The Saint in Europe
- First UK edition
- Author: Leslie Charteris
- Language: English
- Series: The Saint
- Genre: Mystery, Short Stories
- Publisher: Hodder & Stoughton
- Publication date: 1953
- Publication place: United Kingdom
- Media type: Print (hardback & paperback)
- Preceded by: Saint Errant
- Followed by: The Saint on the Spanish Main

= The Saint in Europe =

1953 collection of short stories by Leslie Charteris

The Saint in Europe is a collection of short stories by Leslie Charteris, first published in 1953 by The Crime Club in the United States and in 1954 by Hodder and Stoughton in the United Kingdom. This was the 29th book to feature the adventures of Simon Templar, alias "The Saint", and it also marked a resumption of the book series after a five-year hiatus. The publication of this book also marked the 25th anniversary of the character.

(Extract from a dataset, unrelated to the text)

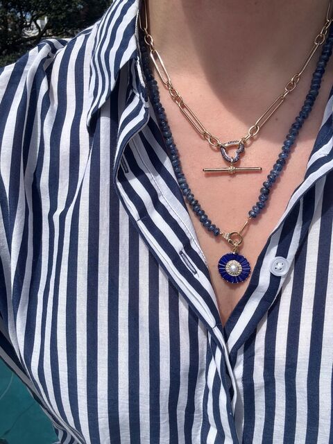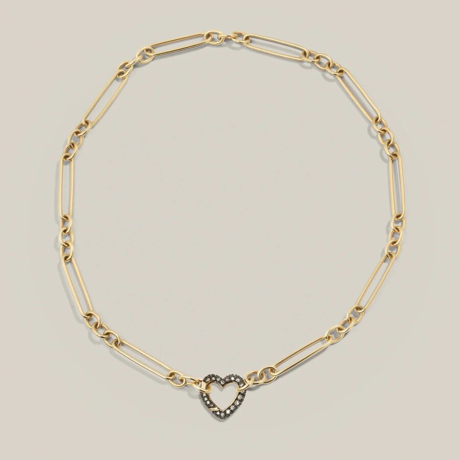 Heartfelt, but make it blue. This 14k gold Victorian-set sapphire heart pavé connector shimmers with deep blue sapphires, bringing a touch of bold colour and elegance to any chain. Designed to link, layer, and love, it’s a modern take on sentiment — a little edge, a lot of heart.

The Saint in Europe marked the beginning of the "travelogue" era for The Saint. Continuing with the theme started by The Saint in New York, The Saint in Miami, and The Saint Goes West, the stories in this and the following two volumes take place in different exotic locales around the world. As such, it is the first Saint book since the 1938 short story collection The Happy Highwayman to not be primarily set in the United States. By this time, however, Templar's British origins have been obscured and he is referred to as an American at least once.

==Stories==
The book consisted of 7 stories:

1. Paris: The Covetous Headsman: After a man is found beheaded, Simon helps the victim's sister track down the culprit.
2. Amsterdam: The Angel's Eye: An American couple recruits Templar to recover a missing diamond the size of the Hope Diamond.
3. The Rhine: The Rhine Maiden: On board a train speeding across Germany, Simon takes matters into his own hands when he meets a Dutch father and daughter who have died savings to a swindler. Includes a metafictional reference to the Saint comic strip.
4. Tirol: The Golden Journey: Templar sets out to hoist a spoiled young woman on her own petard by taking her on a rugged backpacking trip. A change-of-pace story with no actual mystery or adventure elements.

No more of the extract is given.